На лицо заключенного легла тень – сумма была невероятной даже для аристократии. Илла Ралмантон раздумывал, но по его лицу ничего нельзя было понять. Наконец он приподнялся, поправил длинную парчовую мантию, давящую на больное тело, и, опираясь на древесную трость, приблизился к Юлиану. Стражники напряглись и затопали к хозяину, но тот лишь махнул рукой.
– Ты сможешь доказать правоту своих слов? – спросил он, глядя сверху вниз на вжатого в угол вампира.
– Да, – кивнул Юлиан.
– Каким образом?
Юлиан задумался, вспомнил о величественной и широкой Химей, что текла за стенами города. В надежде, что сможет обмануть господ и у него получится сбежать, он простодушно предложил:
– Отведите меня к реке, и я позову их. Вы убедитесь, что я не вру!
– Хорошо, – произнес Илла Ралмантон. – Если ты не соврал, то останешься рабом у меня. Если же обманул, то я продам тебя достопочтенному Абесибо Науру.
И хотя по лицу архимага промелькнуло недовольство, он лишь мягко улыбнулся и, попрощавшись, покинул дом.
– Что с ним делать, хозяин? – спросил раб уже порядком уставшего Иллу.
– В барак его. И хорошо закрепите цепями!
На голову Юлиана опять натянули мешок с тугими шнурами и поволокли куда-то на задний двор. Протащили через несколько комнат, покинули дом и несли под покровом предрассветного сумрака сквозь прохладный весенний ветер, пока не громыхнула тяжелая дверь и почти нагое тело не швырнули к стене. Там его закрепили цепями к полу из гранитных плит, и Юлиан вновь остался наедине с собой.
Когда звуки стражи стихли, он попробовал стащить с себя оковы. Металл казался совсем невесомым, будто декоративным, но, как ни пытался он разомкнуть кандалы, у него ничего не вышло. Руки были подтянуты к ногам и словно склеены между собой, и, даже если он сорвет цепь, далеко в этой позе не уползет.

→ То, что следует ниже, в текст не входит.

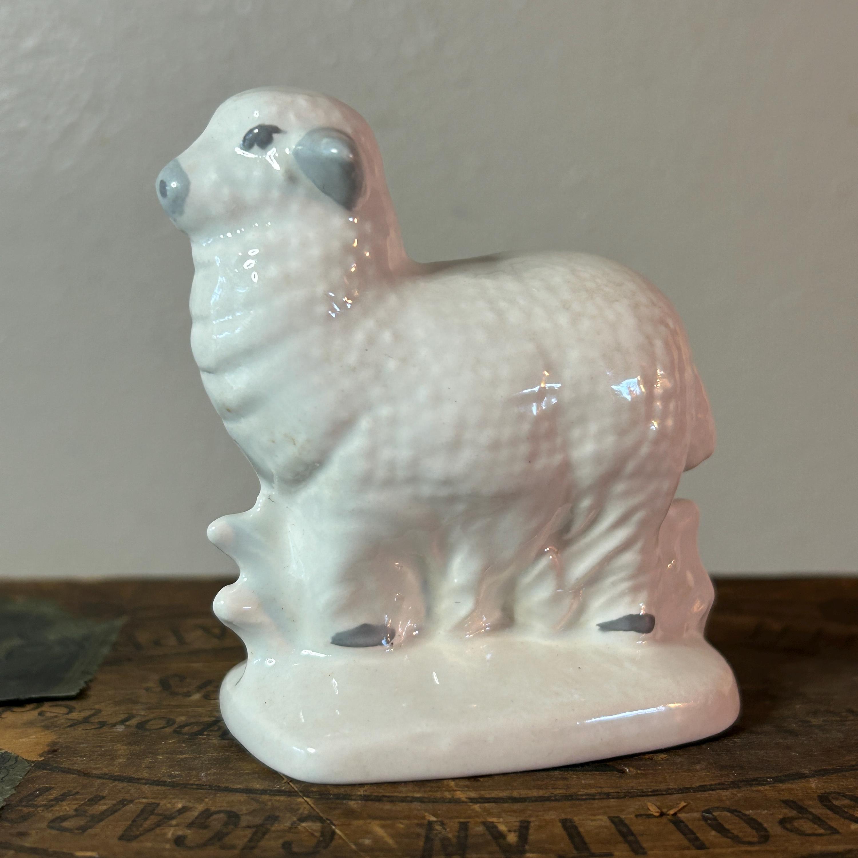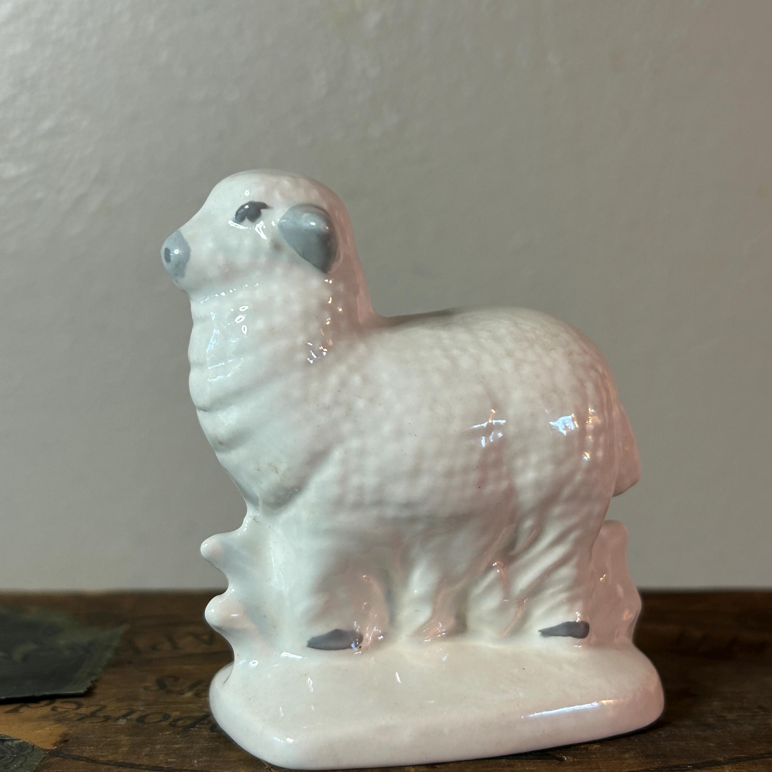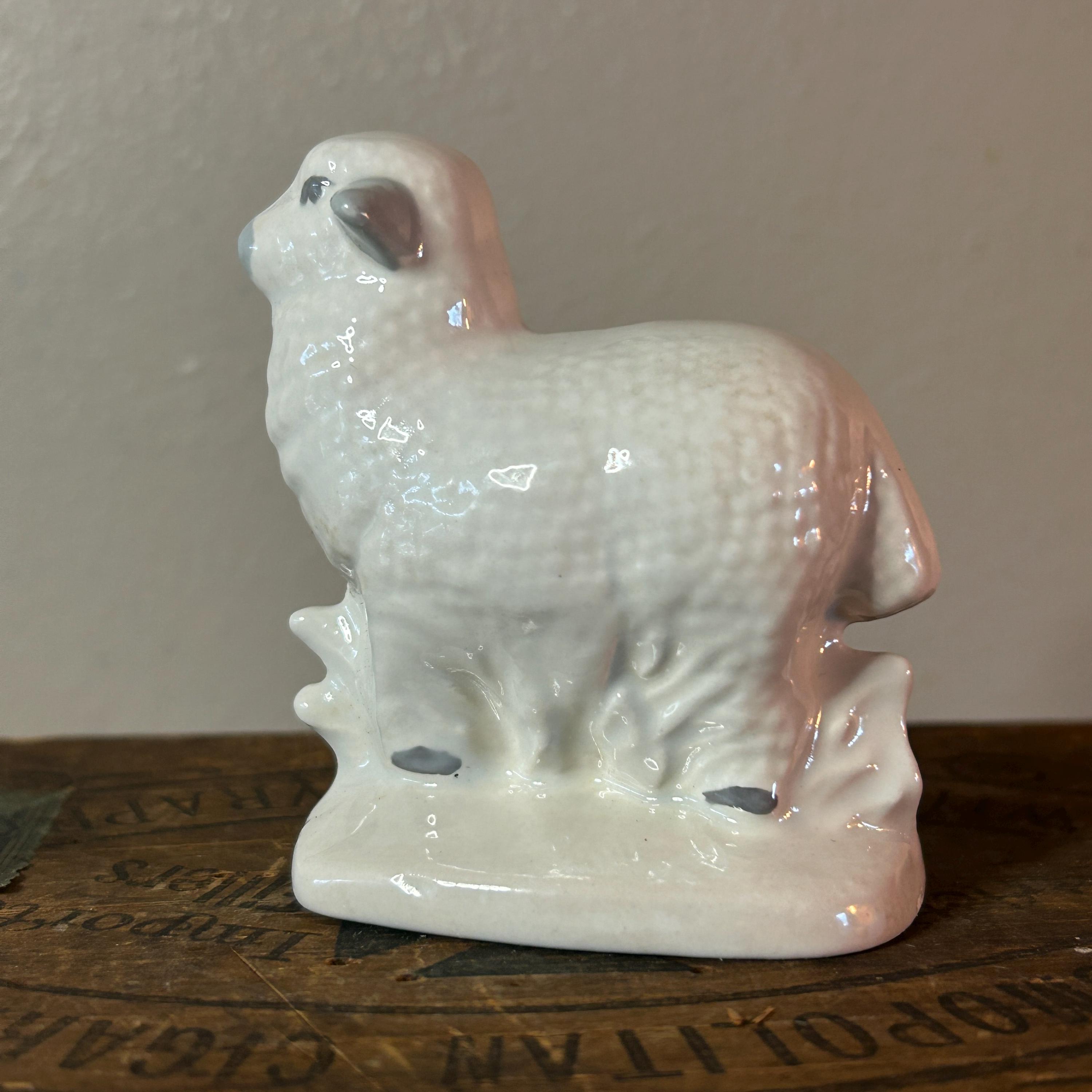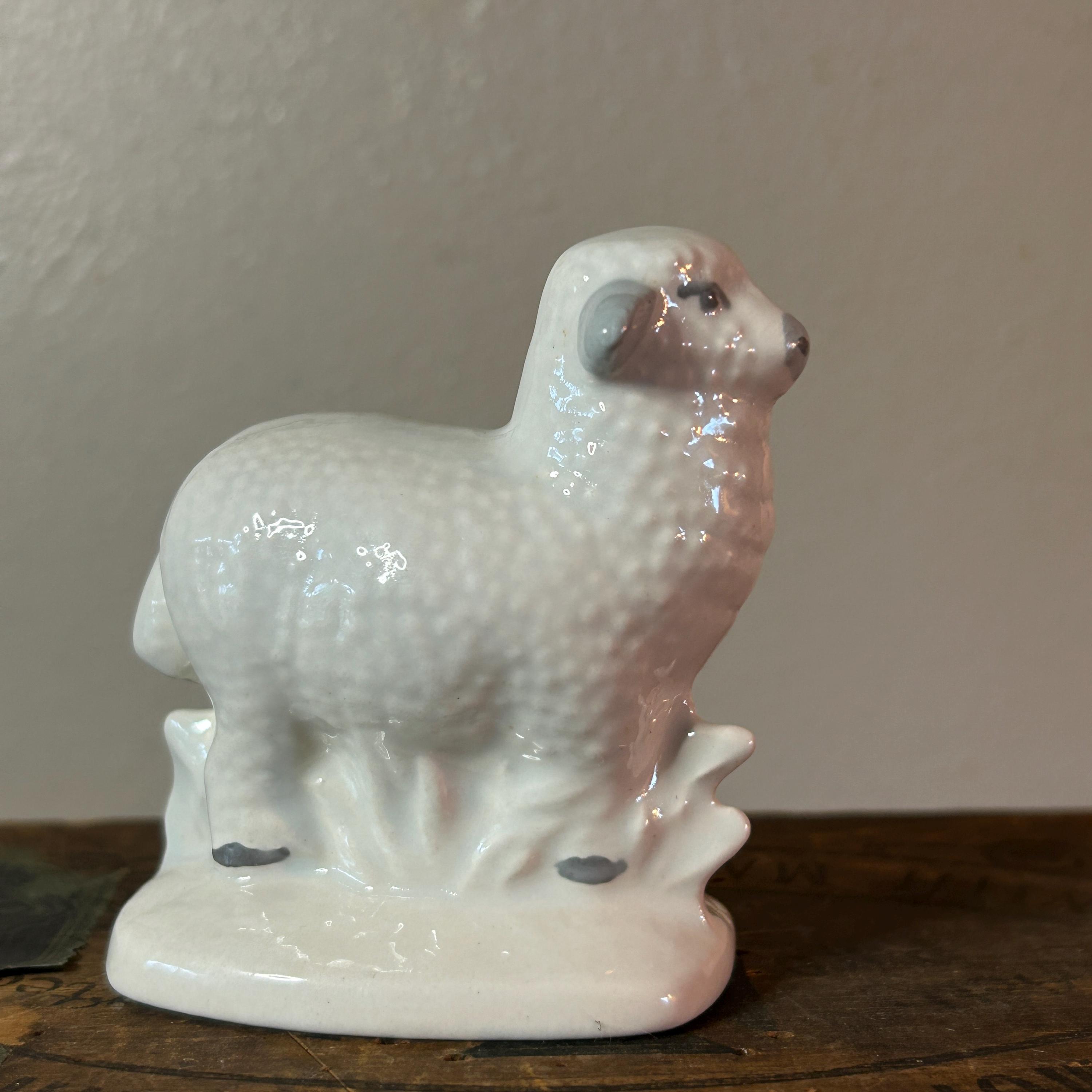This sweet lamb is handpainted and glazed. It appears to be standing next to a fence. In excellent condition with no cracks or chips or crazing. Unmarked, but may have been a part of Vintage Byron Mold Nativity Set Scene. Measures 3" x 2.75".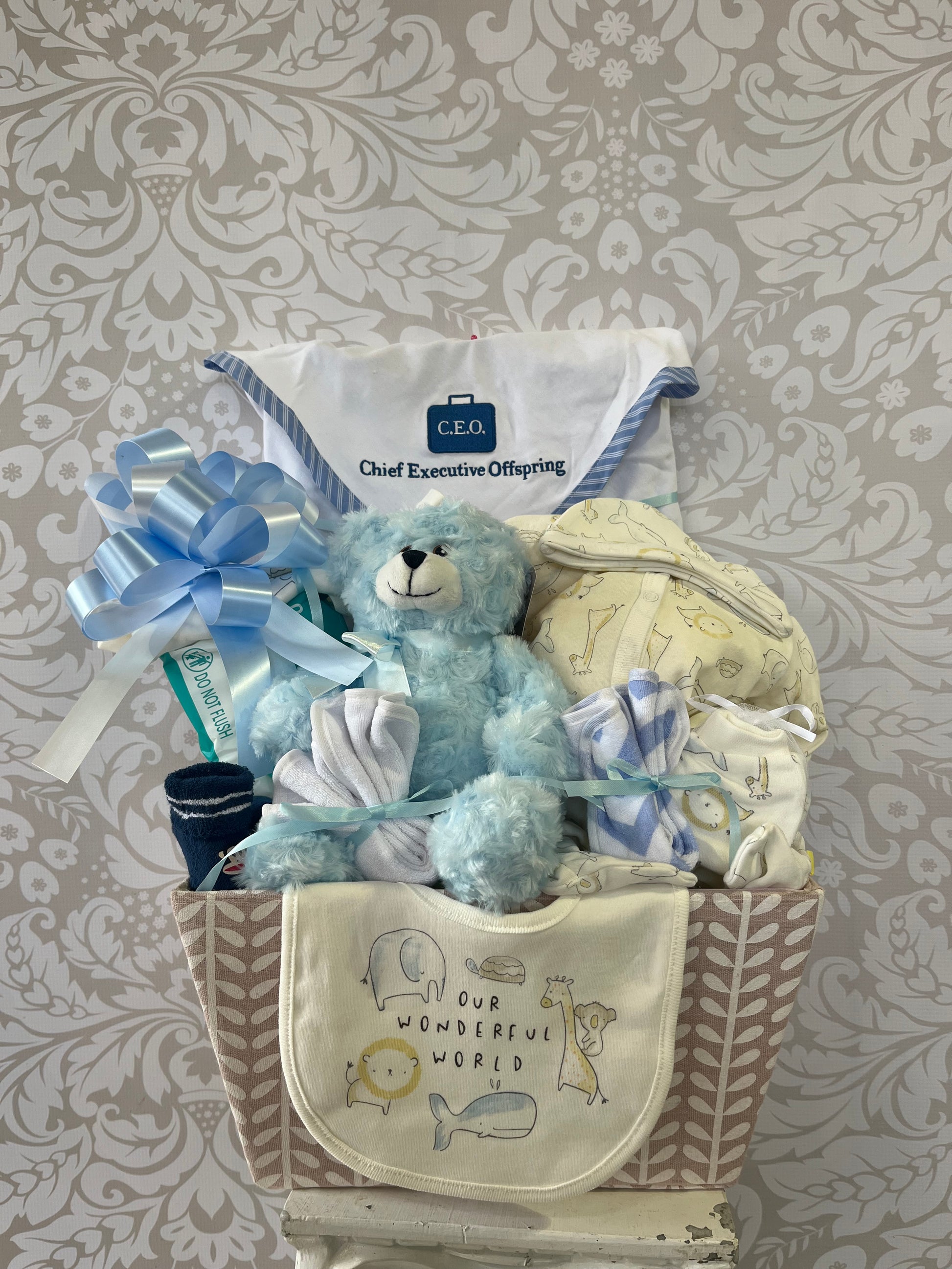 This pretty gift box is piled high with useful gifts for new baby. A quality outfit, bib, socks, wipes, face clothes, big receiving blanket and a cuddly stuffed bear.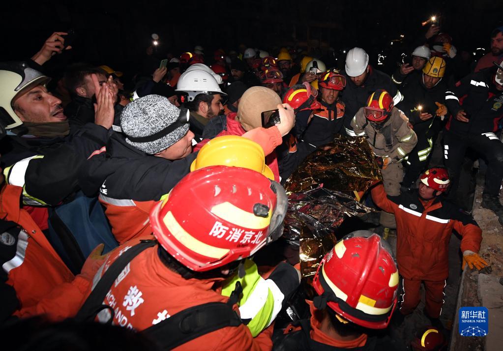 在土耳其南部地震重灾区哈塔伊省安塔基亚市,中国救援队9日晚同土耳其救援队合作,又救出一名被埋在楼房废墟下的女性幸存者。
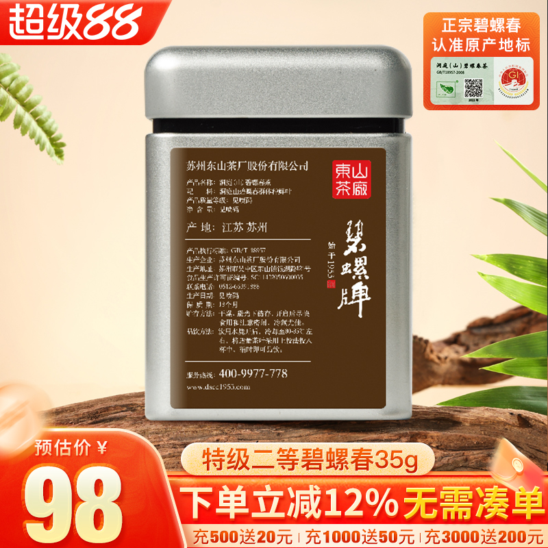 2025新茶春茶碧螺牌苏州洞庭碧螺春罐装明前特级二等茶叶特选35g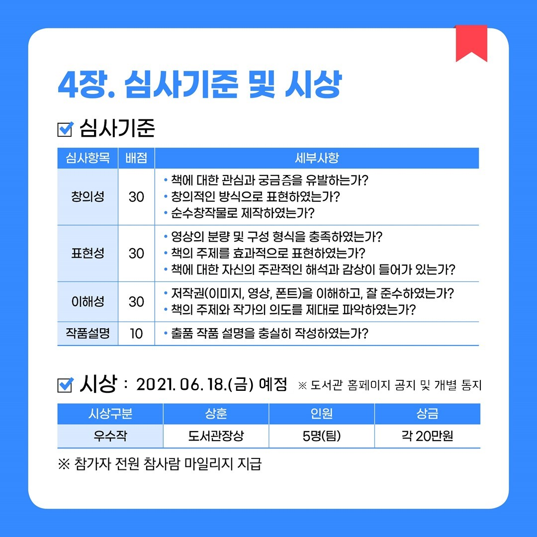 7. 수상자 발표 : 2021. 6. 18(금)예정 ※도서관 홈페이지 및 개별통보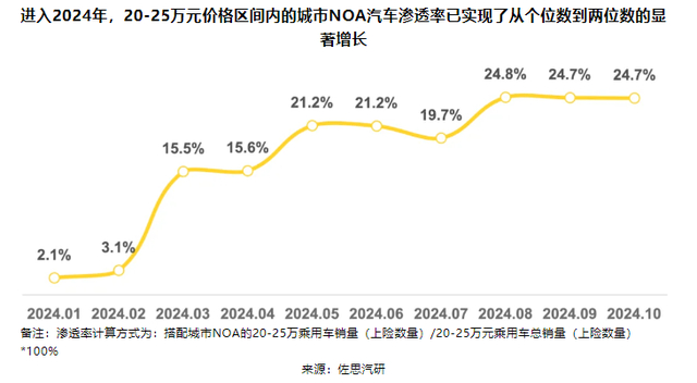 报告指出,从2022年到2024年,城市NOA功能由30万以上车型市场逐渐普及到10-25万级。佐思数据显示,2024年10月,20-25万元价格区间内的城市NOA汽车渗透率已经达到了24.7%,而在“15-20万元”的主流汽车细分市场中,已有五款车型实现了城市 NOA的规模化落地。小鹏Mona M03、小鹏P7+、深蓝L07都成功搭载了城市NOA功能。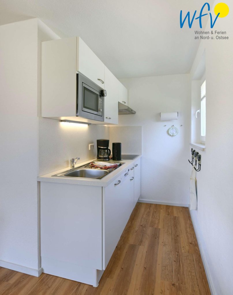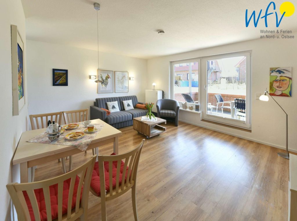 Ein geräumiges Wohnzimmer mit Couchecke, Essbereich und offener Küchenzeile, ein separates Schlafzimmer, ein Duschbad und eine sonnige...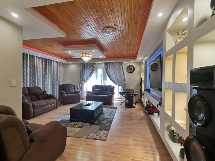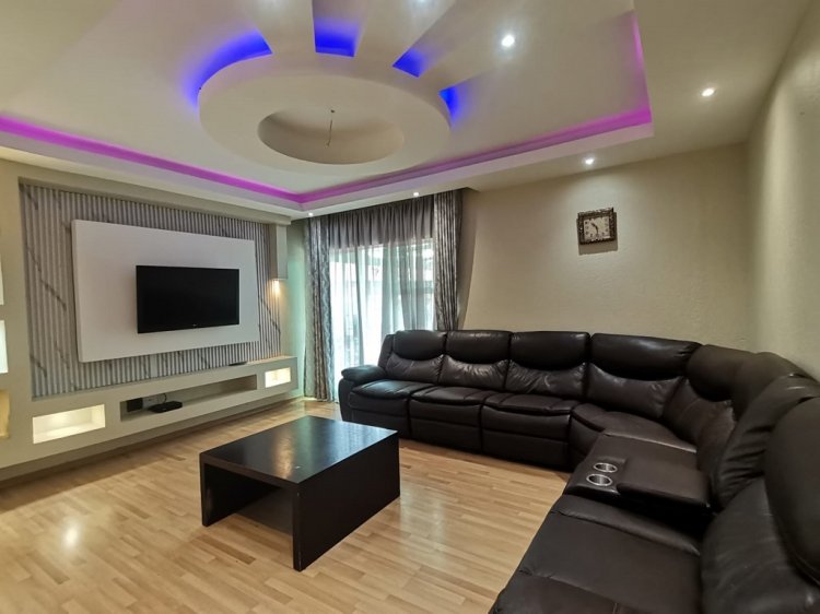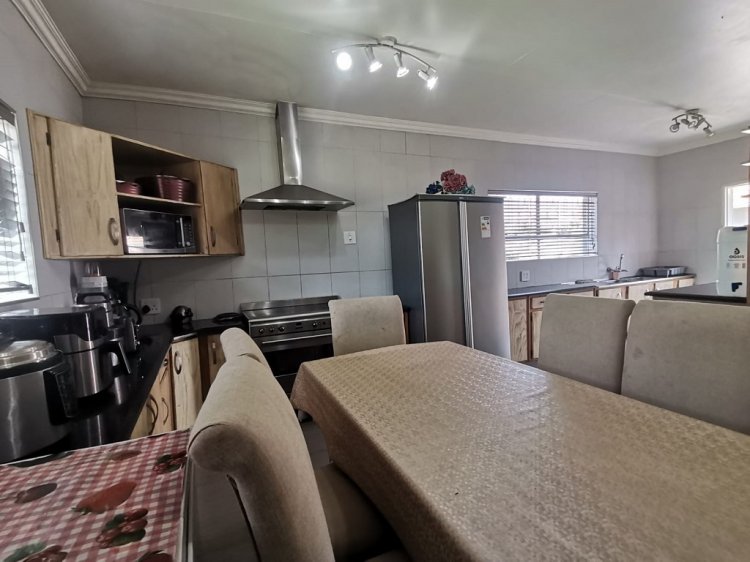 Step into this spacious and exquisite residence that promises comfort, convenience, and space - Be welcomed by the spacious entrance hall leading to the open plan living area, main lounge featuring modern ceilings, and large light fittings that exude style, a spacious TV living room family for relaxation, and dining area and leading to the kitchen overlooking the massive well maintained garden with a swimming pool. The very spacious and beautifully styled kitchen boasts ample cupboard space, counter space and is well sized as well.
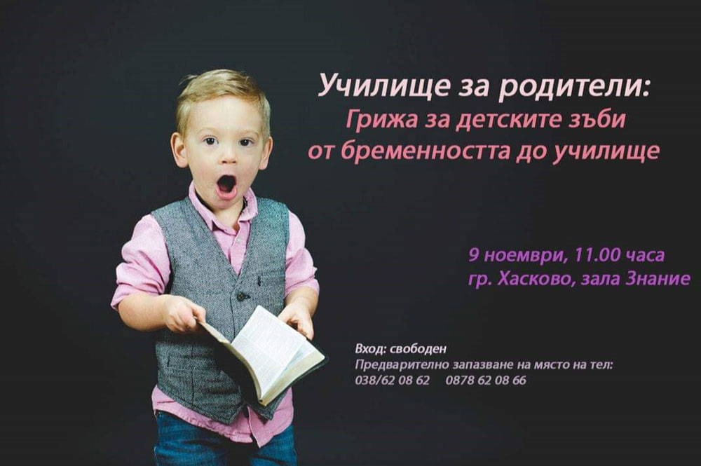 Хасковските стоматолози д-р Йоана Филева – Петева и д-р Илияна Джонева организират безплатно училище за родители. Темата е „Грижа за детските зъби от бременността до училище“.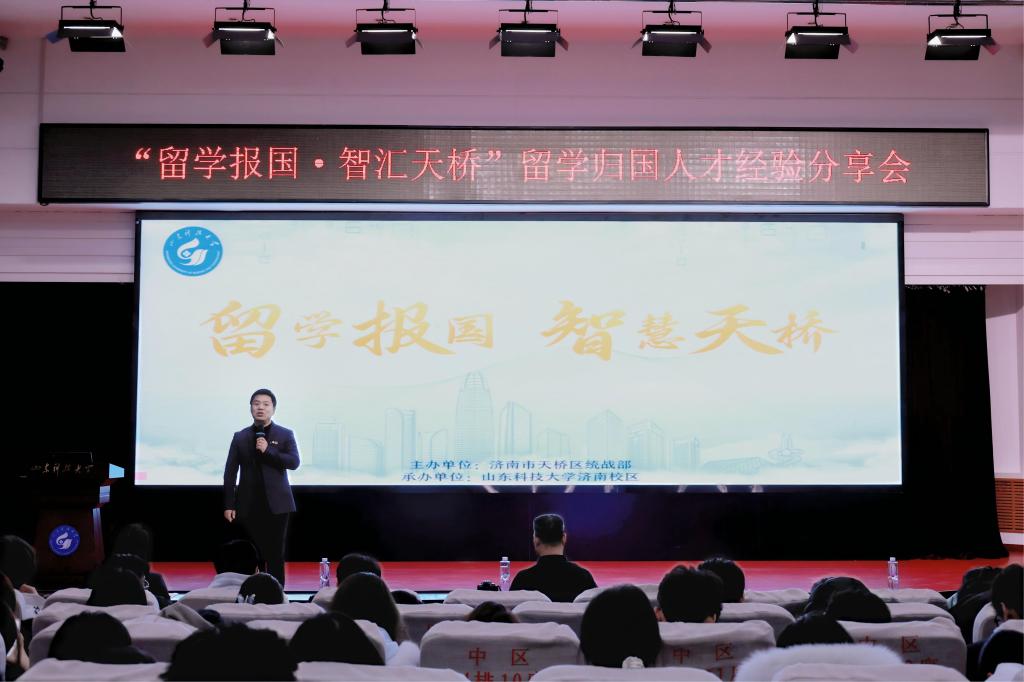 近日,“留学报国 智汇天桥”留学归国人才经验分享会在济南校区图书馆报告厅举行。天桥区委统战部分管日常工作的副部长李敏杰、组织部副部长王群带队参加活动。

С рассветом он ждал хоть кого-нибудь, но в барак никто не зашел. Лишь иногда заглядывала охрана Иллы, проверяла узника и громко хлопала дверью, закрывая ее на засов.
Время вновь тянулось бесконечно долго… С того момента, как Юлиан с Вицеллием попали в Элегиар, прошло только шесть дней, но графу казалось, что сидит он в темнице уже месяц.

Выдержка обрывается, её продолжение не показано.